I'll try to answer all the questions here in one shot. Wish me luck! :)

>mdadm --stop /dev/125
>mdadm --assemble /dev/md0 /dev/sda1 /dev/sdb1

I tried that but still didn't get back to bootable.  It's hard to see
what went on when the system halts (my thanks to whoever changed the
video mode to get more on the screen during booting in SL6!), so I
won't swear that it didn't go back to /dev/md0 and something else was
awry.

In fact, I just tried this now on an old machine with the same config
and manually assembling the RAID sets with the correct devices
corrected the problem. I'm not sure what went wrong with this
yesterday. I may try it again a time or two just to make sure I'm
doing this right.

Of course, you'll need to know what the correct devices are, but since
you've got your system root (somewhere), you can mount it and look at
your fstab or look at the filesystem labels, or even the contents to
figure out which is which and where it needs to go.

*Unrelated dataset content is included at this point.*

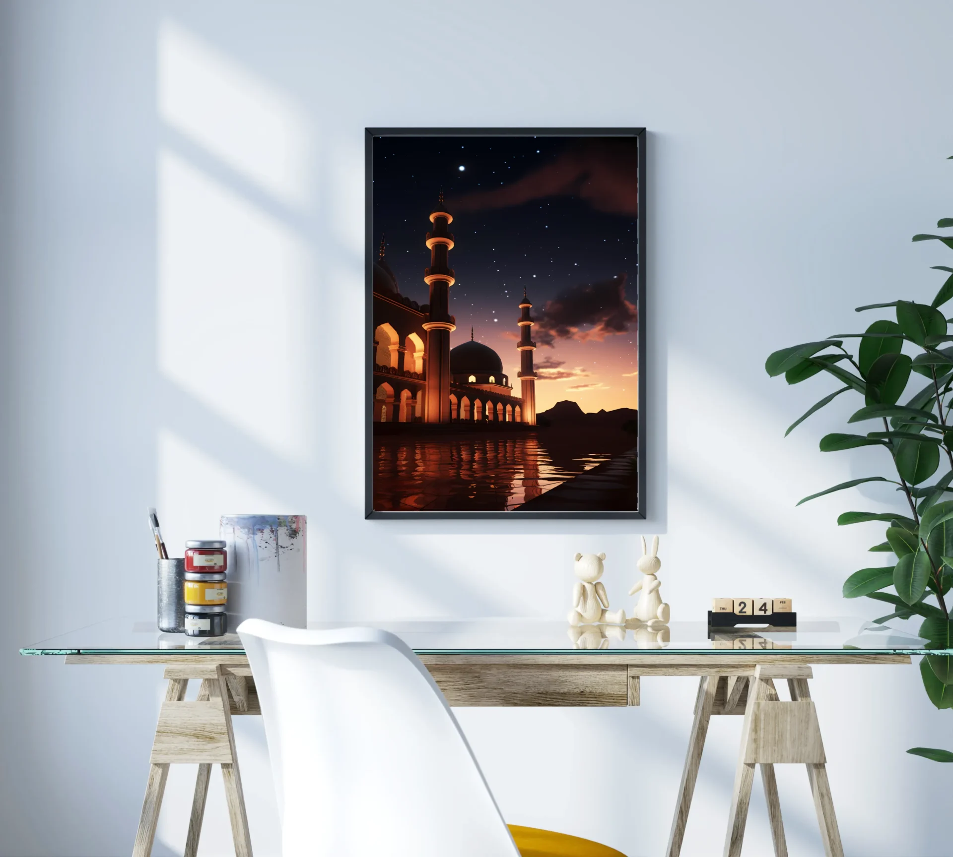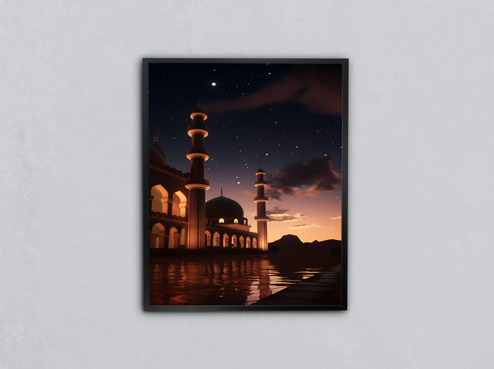 Gece karanlığında yükselen minareler sessizliğin sesi oluyor. Ruhani derinliği hissetmek isteyenler için anlam yüklü bir tasarım.

>Are your raid partition of the type 0xfd (Linux RAID autodetect) or 0x83 
>(Linux)?

0xfd, RAID autodetect.

>BTW. The LiveCD already boots with "rd_NO_MD" and "rd_NO_DM" options which 
>>should disable MD and DM RAID detection.

I didn't change any boot options, other than removing the rhgb and
quiet options so I could see what was going on. Call it a quirk of
mine, but I dislike systems that just sit there with maybe a little
animated icon; I keep wondering if it's making progress or not.
Anyway, those options are present on the LiveCD.

>Bluejay: Which LiveCD version are you using? The released version of 
>2011-03-07 or >some testing versions prior to 2011-03-07?

It's the 2011-03-07 version of the regular CD.

>I was pretty sure that rd_NO_MD and rd_NO_DM are the right options to use
>(according to man dracut). But maybe I'm wrong and "rd.md=0" and "rd.dm=0" are
>the right options to disable RAID detection. Could you please test this?

I tried adding rd.md=0 and rd.dm=0 and it still assembled the RAID
sets (with the wrong device numbers).

>Bluejay, do you see /etc/mdadm.conf, if you boot your system with the LiveCD?

Nope, no /etc/mdadm.conf on the CD.

Thanks for the suggestions and interest in this.

                 - Bluejay Adametz, CFII, A&P, AA-5B N45210

No matter where you go, there you are. Which is good, because
then you can always get to where you're going to be.